▶ _EXCERPTED RECORDS_
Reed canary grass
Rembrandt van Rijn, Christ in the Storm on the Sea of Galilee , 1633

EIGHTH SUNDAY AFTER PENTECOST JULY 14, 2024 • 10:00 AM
---
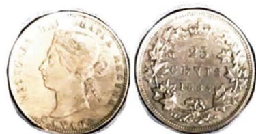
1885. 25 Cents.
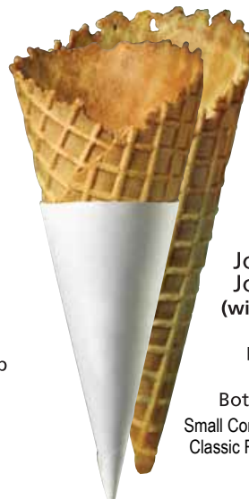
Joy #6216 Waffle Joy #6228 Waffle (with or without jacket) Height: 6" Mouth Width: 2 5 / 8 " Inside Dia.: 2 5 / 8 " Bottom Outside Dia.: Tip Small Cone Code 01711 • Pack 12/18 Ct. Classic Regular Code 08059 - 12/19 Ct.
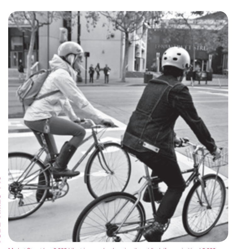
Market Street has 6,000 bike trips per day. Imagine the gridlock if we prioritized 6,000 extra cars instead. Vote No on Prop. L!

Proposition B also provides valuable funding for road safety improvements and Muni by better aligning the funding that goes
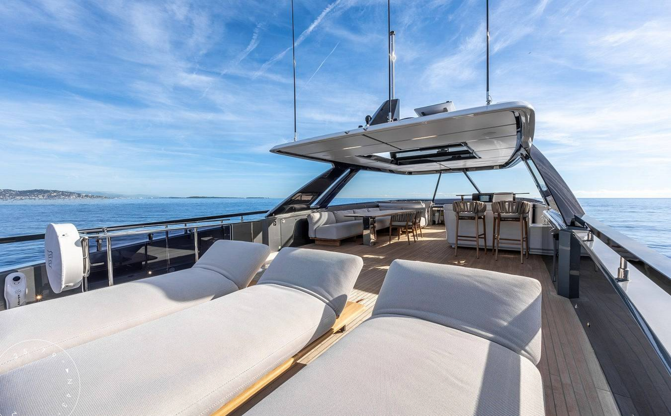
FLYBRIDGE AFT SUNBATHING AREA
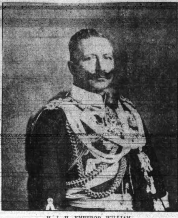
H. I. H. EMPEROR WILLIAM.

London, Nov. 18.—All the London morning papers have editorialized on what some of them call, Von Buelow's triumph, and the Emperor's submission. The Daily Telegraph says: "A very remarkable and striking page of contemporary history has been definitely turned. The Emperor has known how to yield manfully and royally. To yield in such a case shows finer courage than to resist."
--
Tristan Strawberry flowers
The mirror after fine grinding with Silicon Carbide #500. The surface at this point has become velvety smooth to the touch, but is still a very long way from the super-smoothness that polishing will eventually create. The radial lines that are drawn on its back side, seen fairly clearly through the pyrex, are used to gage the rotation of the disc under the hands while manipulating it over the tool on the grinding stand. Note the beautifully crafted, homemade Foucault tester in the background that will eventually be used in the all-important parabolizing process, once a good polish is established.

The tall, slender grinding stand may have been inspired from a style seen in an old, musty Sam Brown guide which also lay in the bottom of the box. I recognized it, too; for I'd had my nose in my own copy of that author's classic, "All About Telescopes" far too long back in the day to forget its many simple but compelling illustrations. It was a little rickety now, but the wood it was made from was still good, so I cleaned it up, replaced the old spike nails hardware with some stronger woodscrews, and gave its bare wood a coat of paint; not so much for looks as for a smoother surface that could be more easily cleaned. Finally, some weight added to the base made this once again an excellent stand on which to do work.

▶ _WHAT YOU ARE ASKED TO DO_
From the material above, copy exactly the lines between the line holding "Reed canary grass" and the line holding "EIGHTH SUNDAY AFTER", inclusive, and only those.

▶ _COMPLETED EXERCISE_
Reed canary grass
Rembrandt van Rijn, Christ in the Storm on the Sea of Galilee , 1633

EIGHTH SUNDAY AFTER PENTECOST JULY 14, 2024 • 10:00 AM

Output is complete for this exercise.